Read the following research description and answer the questions that follow.

Description:

A student researcher has come up with what she believes is an ingenious unobtrusive measure of student anxiety before exams. Specifically, she finds out that large introductory sections of courses in the social sciences (e.g., psychology, political science) and natural sciences (e.g., biology, chemistry) at her university make use of standardized tests scored by a computer. Students in these classes are given small, No. 2 pencils prior to each exam. Students return the pencils by dropping them in a box on the way out of the classroom. The researcher suggests that biting or chewing on a pencil is a sign of anxiety. Her hypothesis is that students enrolled in natural science courses (mainly pre-med students) are more anxious about exams than those students taking courses in the social sciences.

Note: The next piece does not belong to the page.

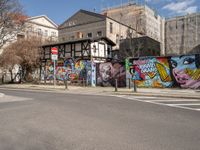 This image captures the essence of city life in Berlin, Germany. The classic architecture and urban design are prominent, with a graffiti wall adding a touch of vibrant expression to the scene. The road and asphalt signify the bustling urban environment. This photo represents a typical day in the city, where the mix of historical and modern buildings create a unique atmosphere. Explore the city streets and embrace the energy of Europe's dynamic capital.
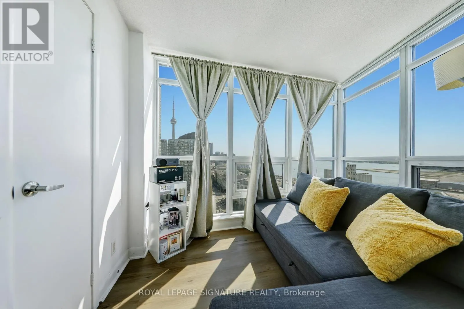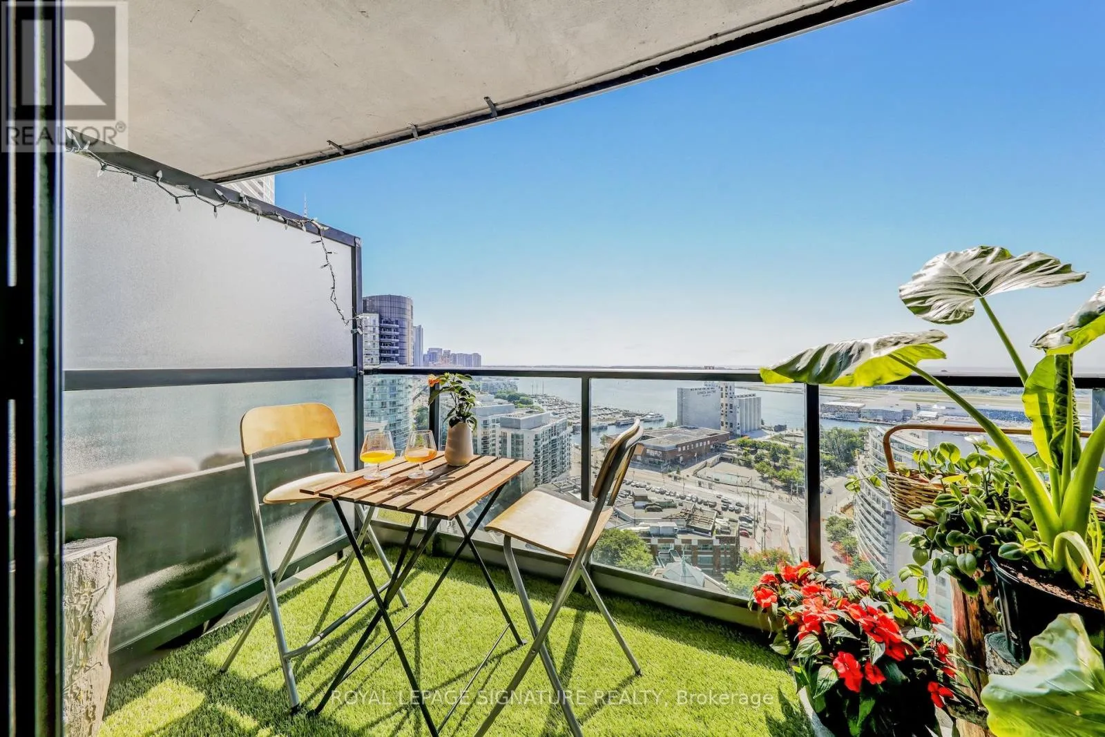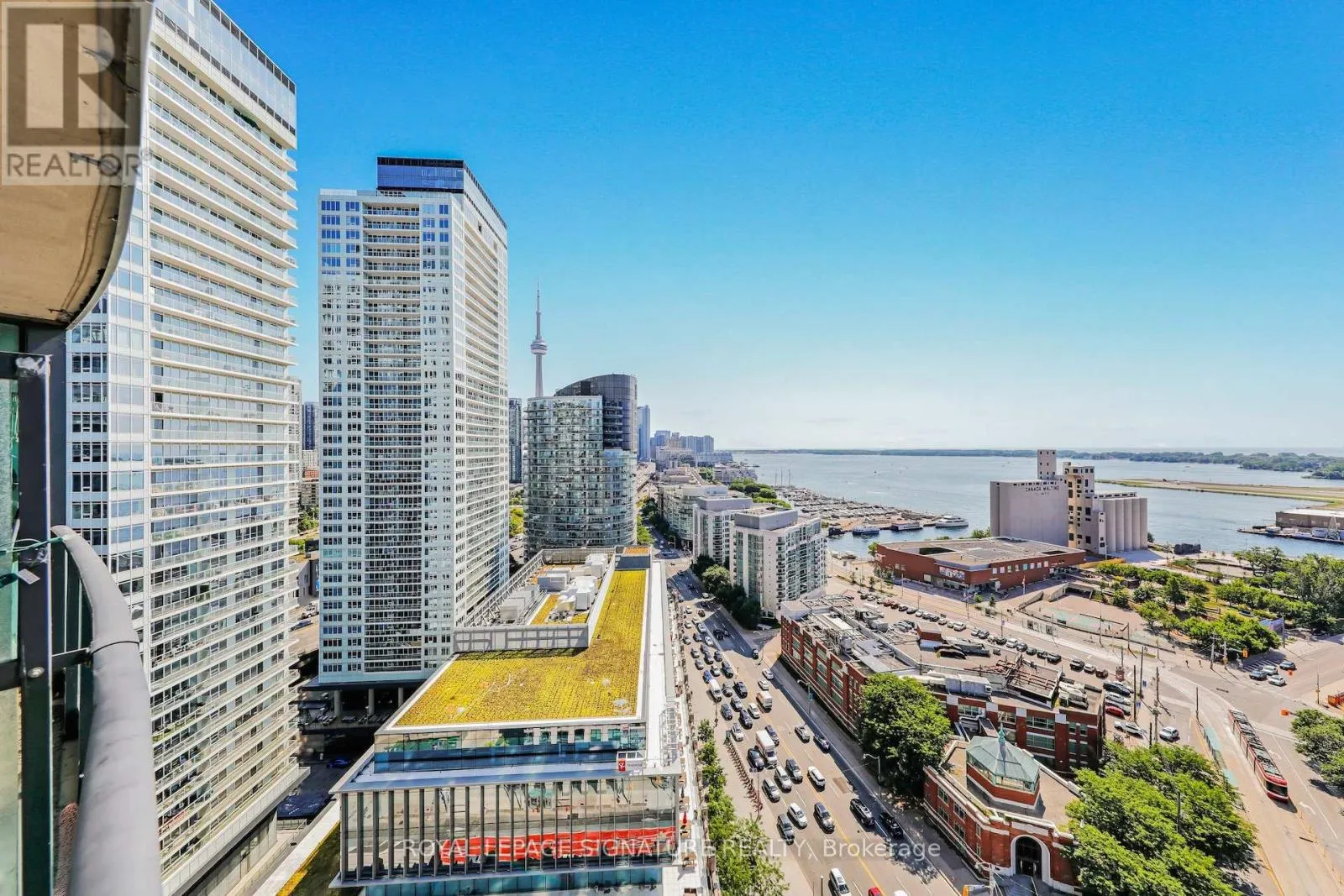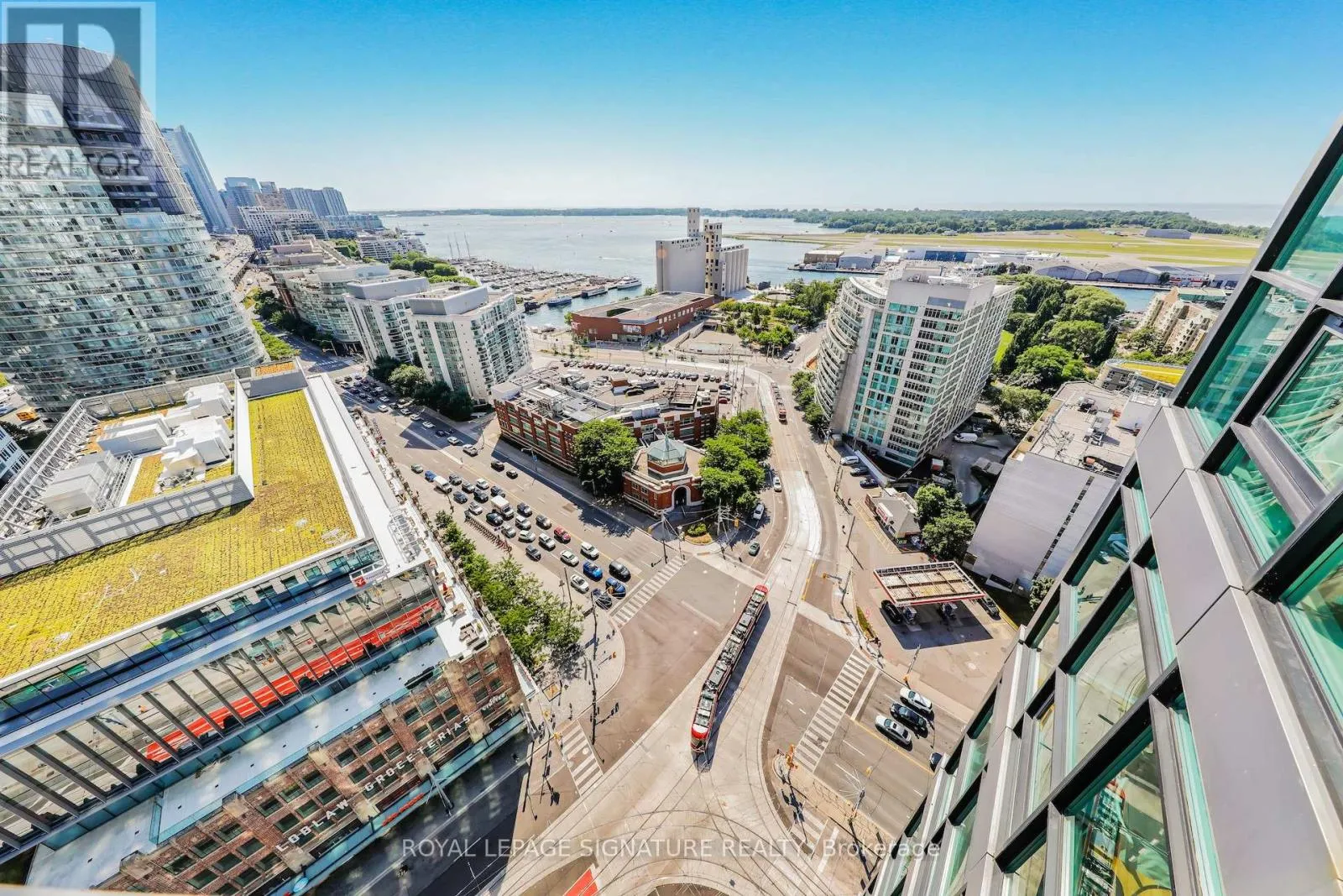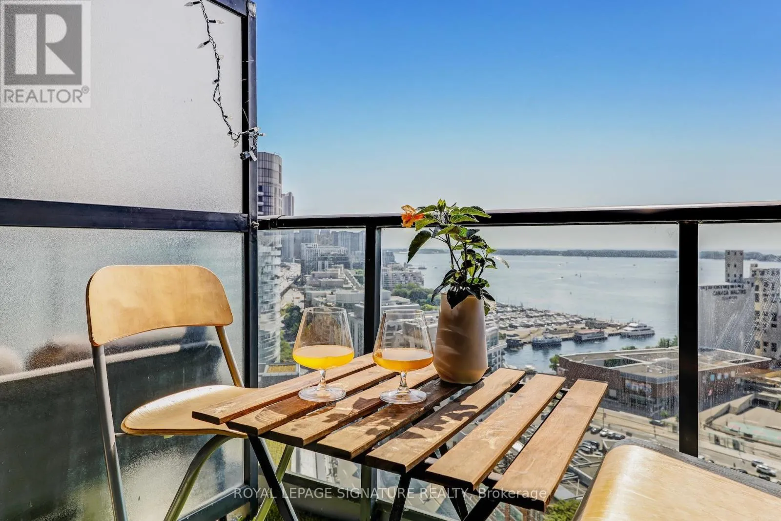 Bathurst/Lakeshore Welcome to this stunning South Lake-facing 2 Bedroom, 2 Bath Suite with unobstructed panoramic views of Toronto's lakefront. The spacious, open-concept living area and rooms are flooded with natural light, showcasing breathtaking city views. Newly renovated (hardwood floors, new appliances), high-end finishes, and thoughtful updates throughout, this modern condo exudes both comfort and style. The updated kitchen features sleek cabinet finishes, with a brand-new stove and overhead microwave. The well-appointed bedrooms and walk-in closet offer generous storage space and functional flexibility. The private balcony is the perfect spot for outdoor relaxation and sunset views overlooking the lake. The building offers a host of exceptional amenities, including a glass-enclosed pool with hot tub, an expansive outdoor BBQ deck, a community garden, party room, conference room, billiards room, and a fully equipped gym with a wraparound patio ideal for outdoor workouts or meditation. Additional features include a convenient pull-up and roundabout entry area and ample visitor parking. The suite comes with 1 parking space. Enjoy the convenience of the walkable location steps to the CNE, Lakeside Boardwalk, Billy Bishop Airport, and the TTC. You ask for it, Malibu Condos has it all. Perfect to live in or lease. Don't miss this opportunity to purchase a move-in-ready unit! (id:27476)

Because at the time of the first exam the pencils are new and have not been previously used by students, the student researcher decides to collect data after the first exam in each of these large classes. She obtains permission from the instructors to examine the pencils following the initial exams in these courses. She then counts the number of pencils with teeth marks. Her results appear to support her hypothesis. A greater proportion of pencils in the natural science classes have teeth marks than do pencils in the social science classes.



1

What is the student’s operational definition of anxiety?
2

Did the student employ a natural use trace or a controlled use trace? Be sure to explain why you selected the measure that you did.
3

Illustrate how selective deposit might operate in this situation to produce a spurious relationship between the type of class (natural science or social science) and the unobtrusive measure of anxiety.